Since $T_2$ is $\text{Cay}(\mathbb Z, \{1\})$, and $T_4$ is $\text{Cay}(F_2=\langle a,b \rangle,\{a,b\})$, I thought for $T_3$ I could let $a,b,c$ be the three edges coming out of each vertex (in the case of $F_2$ the edges were $a,a^{-1},b,b^{-1}$ but here we can't get $3 $ edges if we allow inverses of the generators to be different from themselves).
So I think $T_3=\text{Cay}(\mathbb Z_2 * \mathbb Z_2 * \mathbb Z_2 , \{a,b,c\})$.
But now I could use the same logic and say $T_4= \text{Cay}(\mathbb Z_2 * \mathbb Z_2 * \mathbb Z_2 * \mathbb Z_2 , \{a,b,c,d\}) = \text{Cay}(F_2, \{s,t\})$.
Firstly, whatever I've written so far, is it at least correct?
If it is, can two non-isomorphic groups have the same Cayley graph?
(I think they can, because I really doubt $F_2 \cong \mathbb Z_2 * \mathbb Z_2 * \mathbb Z_2 * \mathbb Z_2$).
This answer assumes that by the Cayley graph $\operatorname{Cay}(G, S)$ you mean the directed and labelled graph with vertex set $G$ and where we can think of the edge set as the set of ordered triples $$\{(g,h,a)\in G\times G\times S\mid ga=h\}.$$ The fact that the triples are ordered corresponds to directed edges. The third component corresponds to a label on the edge.
This definition is the one I am most familiar with, and for example is used in Wikipedia.
It also assumes that by "graph" you allow multiple edges between any given two vertices (some texts call this a "multigraph"). If your definition of graph does not allow this, this your situation essentially reduces to my other answer.

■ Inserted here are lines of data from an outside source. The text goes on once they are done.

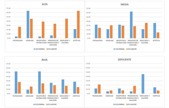 Ecuador tiene la competencia de Ideología en más de 40% en nivel alto y en casi 40% en nivel medio. Y la competencia de Recepción en casi 40% en nivel alto y 30% en nivel medio. Mientras Colombia tiene la competencia de Ideología, en más de 85% en niveles bajo y deficiente. Y pasa lo mismo con la dimensión de Recepción. Más de 60% en niveles bajo y deficiente, esto quiere decir que un grueso número de periodistas de ambos países evidencia dificultades en el momento de con sumir medios, como cualquier ciudadano común, a pesar de su formación profesional. Entre ellos, hay falencias a la hora de seleccionar con criterios conscientes y razonables su propia dieta mediáti ca; les falta capacidad para dilucidar porque prefieren unos medios de otros o como sus emociones entran a interactuar con los consumos mediáticos que realizan; igualmente, quien tiene media o baja competencia mediática en la dimensión Recepción e Interacción enfrentará dificultades al interac tuar con los medios para apoyar una construcción de ciudadanía que transforme el entorno social desde este ecosistema de múltiples pantallas. Igualmente, a los periodistas les falta solvencia en el momento de producir medios que aprovechen las innovaciones tecnológicas para promocionar valores que contribuyan a la mejora del entorno, desde una actitud de compromiso social y cultural.
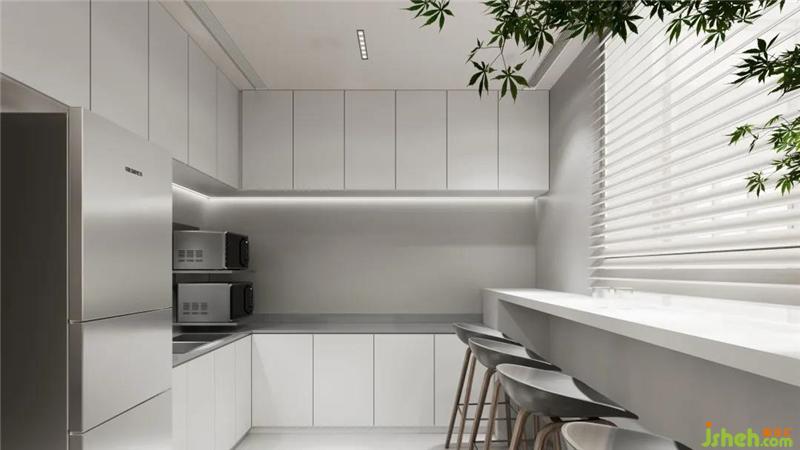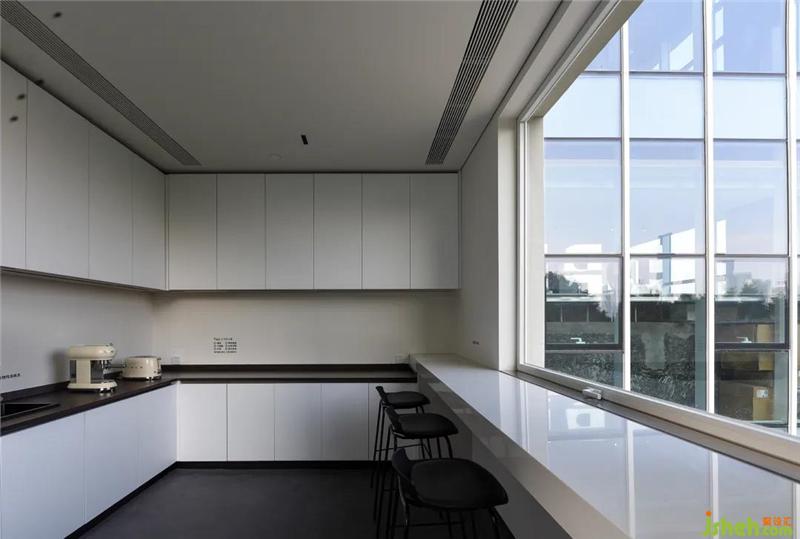 DPD辦公總部地理位置的優(yōu)勢,將廣州珠江邊的景色盡收眼底,整個空間中視野風景最好的位置是茶水間區(qū)域。設計師早期希望把它規(guī)劃成BOSS房和大會議室,但在由于該區(qū)域有排污系統(tǒng),風水學上不適宜作為公司重要區(qū)域,最終調整成茶水間,采用大面積的玻璃窗加強光線通透,員工可以在休閑放松的時候坐在茶水間,欣賞珠江景色,身心得到放松。
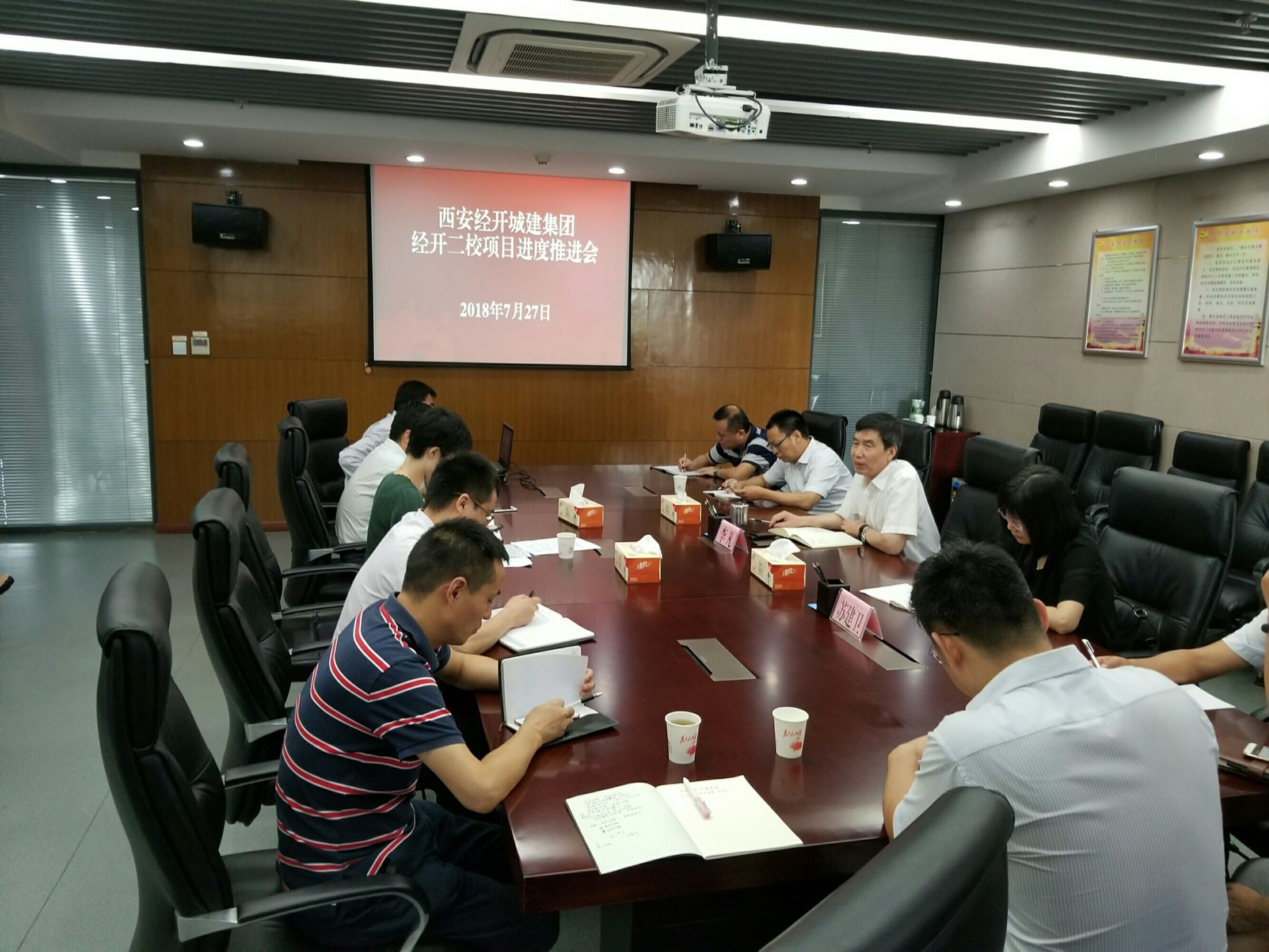 7月27日下午,城建集团党委书记、总经理李凡主持召开经开第二学校项目建设推进会,迅速贯彻落实钱虎威主任关于学校项目建设的指示精神。集团副总经理苏建卫、相关职能部门负责人,泾渭建设公司项目建设团队参加会议。
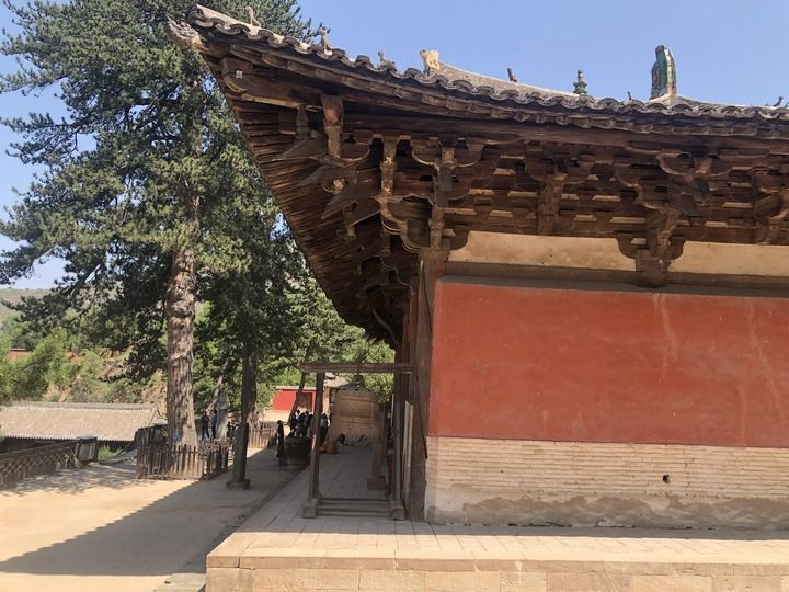 佛光寺,距離五臺(tái)山寺廟集中的臺(tái)懷鎮(zhèn)有四五十公里遠(yuǎn)。寺周圍東、南、北三面環(huán)山,只有西面低下而開闊,因此古寺因地勢(shì)而建,坐東朝西,高低層疊。

By "removing labels" I mean forgetting the third component of each triple, and also the direction of each arrow, so the unlabelled Cayley graph is the multiset $$\{\{g,h\}\in G\times G\mid \exists\:a\in S\text{ s.t. }ga=h\}.$$ Being a multiset simply means we may have multiple edges between any two given vertices.
There are a few questions here. So lets answer them one-by-one.
If we remove the labels on edges, yes. The simplest family of examples is basically that pointed out by Sean Eberhard in the comments: For any group $G$, the Cayley graph $\operatorname{Cay}(G,G\setminus\{1\})$ is a complete graph but where every edge is replaced by two directed edges pointing in opposite directions. As there can be a great many groups of a given order (finite or infinite), this gives non-isomorphic groups with the same unlabelled Cayley graphs.
No. The Cayley graph looks like $T_3$, if you squint a little, but every edge $e=(u, v)$ has a "reversed" sibling $\bar{e}=(v, u)$ with the same label. The first edge means that $u\cdot a=v$ while the second means that $v\cdot a=u$, so in particular $u\cdot a^2=u$, which is what we'd expect as $a^2=1$.
Again, no. This is because a Cayley graph must have as many incoming edges as outgoing edges; in particular every vertex of $\operatorname{Cay}(G, S)$ has $|S|$ outgoing edges and $|S|$ incoming edges (why?). Hence, every vertex must have even degree. As vertices of $T_3$ have odd degree, it cannot be a Cayley graph.
[Fun fact: If a group acts freely on a tree then it is free. As groups act freely on their Cayley graphs, any group with a tree as its Cayley graph must actually be free. This wasn't used above, but is nice to know anyway :-) ]